测试 numpy 数组是否是 numpy 数组列表的成员，并将其从列表中删除

Question

When testing if a numpy array c is member of a list of numpy arrays CNTS :

import numpy as np

c = np.array([[[ 75, 763]],
              [[ 57, 763]],
              [[ 57, 749]],
              [[ 75, 749]]])

CNTS = [np.array([[[  78, 1202]],
                  [[  63, 1202]],
                  [[  63, 1187]],
                  [[  78, 1187]]]),
        np.array([[[ 75, 763]],
                  [[ 57, 763]],
                  [[ 57, 749]],
                  [[ 75, 749]]]),
        np.array([[[ 72, 742]],
                  [[ 58, 742]],
                  [[ 57, 741]],
                  [[ 57, 727]],
                  [[ 58, 726]],
                  [[ 72, 726]]]),
        np.array([[[ 66, 194]],
                  [[ 51, 194]],
                  [[ 51, 179]],
                  [[ 66, 179]]])]

print(c in CNTS)

I get:

ValueError: The truth value of an array with more than one element is ambiguous.
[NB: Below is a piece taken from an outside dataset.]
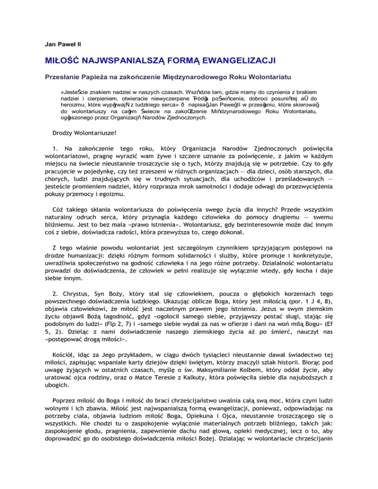 Jan Paweł II MIŁOŚĆ NAJWSPANIALSZĄ FORMĄ EWANGELIZACJI Przesłanie Papieża na zakończenie Międzynarodowego Roku Wolontariatu «Jesteście znakiem nadziei w naszych czasach. Wszędzie tam, gdzie mamy do czynienia z brakiem nadziei i cierpieniem, otwieracie niewyczerpane źródła poświęcenia, dobroci posuniętej aż do heroizmu, które wypływają z ludzkiego serca» — napisał Jan Paweł II w przesłaniu, które skierował do wolontariuszy na całym świecie na zakończenie Międzynarodowego Roku Wolontariatu, ogłoszonego przez Organizację Narodów Zjednoczonych. Drodzy Wolontariusze! 1. Na zakończenie tego roku, który Organizacja Narodów Zjednoczonych poświęciła wolontariatowi, pragnę wyrazić wam żywe i szczere uznanie za poświęcenie, z jakim w każdym miejscu na świecie nieustannie troszczycie się o tych, którzy znajdują się w potrzebie. Czy to gdy pracujecie w pojedynkę, czy też zrzeszeni w różnych organizacjach — dla dzieci, osób starszych, dla chorych, ludzi znajdujących się w trudnych sytuacjach, dla uchodźców i prześladowanych — jesteście promieniem nadziei, który rozprasza mrok samotności i dodaje odwagi do przezwyciężenia pokusy przemocy i egoizmu. Cóż takiego skłania wolontariusza do poświęcenia swego życia dla innych? Przede wszystkim naturalny odruch serca, który przynagla każdego człowieka do pomocy drugiemu — swemu bliźniemu. Jest to bez mała «prawo istnienia». Wolontariusz, gdy bezinteresownie może dać innym coś z siebie, doświadcza radości, która przewyższa to, czego dokonał. Z tego właśnie powodu wolontariat jest szczególnym czynnikiem sprzyjającym postępowi na drodze humanizacji: dzięki różnym formom solidarności i służby, które promuje i konkretyzuje, uwrażliwia społeczeństwo na godność człowieka i na jego różne potrzeby. Działalność wolontariatu prowadzi do doświadczenia, że człowiek w pełni realizuje się wyłącznie wtedy, gdy kocha i daje siebie innym. 2. Chrystus, Syn Boży, który stał się człowiekiem, poucza o głębokich korzeniach tego powszechnego doświadczenia ludzkiego. Ukazując oblicze Boga, który jest miłością (por. 1 J 4, 8), objawia człowiekowi, że miłość jest naczelnym prawem jego istnienia. Jezus w swym ziemskim życiu objawił Bożą łagodność, gdyż «ogołocił samego siebie, przyjąwszy postać sługi, stając się podobnym do ludzi» (Flp 2, 7) i «samego siebie wydał za nas w ofierze i dani na woń miłą Bogu» (Ef 5, 2). Dzieląc z nami doświadczenie naszego ziemskiego życia aż po śmierć, nauczył nas «postępować drogą miłości». Kościół, idąc za Jego przykładem, w ciągu dwóch tysiącleci nieustannie dawał świadectwo tej miłości, zapisując wspaniałe karty dziejów dzięki świętym, którzy znaczyli szlak historii. Biorąc pod uwagę żyjących w ostatnich czasach, myślę o św. Maksymilianie Kolbem, który oddał życie, aby uratować ojca rodziny, oraz o Matce Teresie z Kalkuty, która poświęciła siebie dla najuboższych z ubogich. Poprzez miłość do Boga i miłość do braci chrześcijaństwo uwalnia całą swą moc, która czyni ludzi wolnymi i ich zbawia. Miłość jest najwspanialszą formą ewangelizacji, ponieważ, odpowiadając na potrzeby ciała, objawia ludziom miłość Boga, Opiekuna i Ojca, nieustannie troszczącego się o wszystkich. Nie chodzi tu o zaspokojenie wyłącznie materialnych potrzeb bliźniego, takich jak: zaspokojenie głodu, pragnienia, zapewnienie dachu nad głową, opieki medycznej, lecz o to, aby doprowadzić go do osobistego doświadczenia miłości Bożej. Działając w wolontariacie chrześcijanin staje się świadkiem tej Boskiej miłości, głosi ją i poprzez gesty odważne i profetyczne ją uwidacznia. 3. Nie wystarczy zaradzić potrzebom kogoś, kto znajduje się w trudnej sytuacji materialnej, należy jednocześnie zaspokoić jego pragnienie wartości i głębokich odpowiedzi. Ważny jest rodzaj pomocy, którą się oferuje, ale jeszcze ważniejsze od tego jest serce, z jakim tej pomocy się udziela. Zarówno gdy chodzi o projekty na małą skalę, jak i o wielkie przedsięwzięcia, wolontariat w każdym przypadku powinien być szkołą życia, zwłaszcza dla ludzi młodych, przyczyniając się do ich wychowania w kulturze solidarności i otwartości, w gotowości do dania daru z siebie. Iluż wolontariuszy poprzez odważne zaangażowanie się na rzecz bliźnich dochodzi do odkrycia wiary! Chrystus, który zachęca, aby służyć Mu w ubogich, przemawia do serca tego, kto staje się ich sługą. Pozwala doświadczyć radości miłości bezinteresownej, miłości, która jest źródłem prawdziwego szczęścia. Bardzo bym pragnął, aby Międzynarodowy Rok Wolontariatu, w którym miały miejsce liczne inicjatywy i wydarzenia, pomógł społeczeństwu coraz pełniej doceniać różne formy wolontariatu, które są motorem wzrostu i dojrzewania cywilizacji. Wolontariusze często zastępują i uprzedzają interwencje instytucji publicznych, od których oczekuje się odpowiedniego podejścia do dzieł, które zrodziły się dzięki odwadze wolontariuszy, oraz wspierania ich, nie gasząc ich charyzmatu. 4. Drodzy bracia i siostry, którzy współtworzycie tę «armię» pokoju obecną w każdym zakątku ziemi, jesteście znakiem nadziei w naszych czasach. Wszędzie tam, gdzie mamy do czynienia z brakiem nadziei i cierpieniem, otwieracie niewyczerpane źródła poświęcenia, dobroci posuniętej aż do heroizmu, które wypływają z ludzkiego serca. Jako rzecznik ubogich całego świata pragnę podziękować wam za nieustanne poświęcenie. Kroczcie odważnie obraną drogą, niech was nigdy nie powstrzymują trudności. Chrystus, Miłosierny Samarytanin (por. Łk 10, 30-37), niech będzie najlepszym przykładem do naśladowania dla każdego wolontariusza. Naśladujcie także Maryję, która wybierając się «z pośpiechem», aby pomóc swej krewnej Elżbiecie, sta

Use a.any() or a.all()

However, the answer is rather clear: c is exactly CNTS[1] , so c in CNTS should return True!

How to correctly test if a numpy array is member of a list of numpy arrays?

The same problem happens when removing :

CNTS.remove(c)

ValueError: The truth value of an array with more than one element is ambiguous. Use a.any() or a.all()

Application: test if an opencv contour (numpy array) is member of a list of contours, see for example Remove an opencv contour from a list of contours .

Answer 1

You are getting the error because in essentially invokes bool(c == x) on every element x of CNTS . It's the __bool__ conversion that is raising the error:

>>> c == CNTS[1]
array([[[ True,  True]],
       [[ True,  True]],
       [[ True,  True]],
       [[ True,  True]]])

>>> bool(_)
ValueError: The truth value of an array with more than one element is ambiguous. Use a.any() or a.all()

The same applies for removal, since it tests for equality with each element.

Containment

The solution is to use np.array_equal or apply the all method to each comparison:

any(np.array_equal(c, x) for x in CNTS)

OR

any((c == x).all() for x in CNTS)

Removal

To perform the removal, you are more interested in the index of the element than its existence. The fastest way I can think of is to iterate over the indices, using the elements of CNTS as comparison keys:

index = next((i for i, x in enumerate(CNTS) if (c == x).all()), -1)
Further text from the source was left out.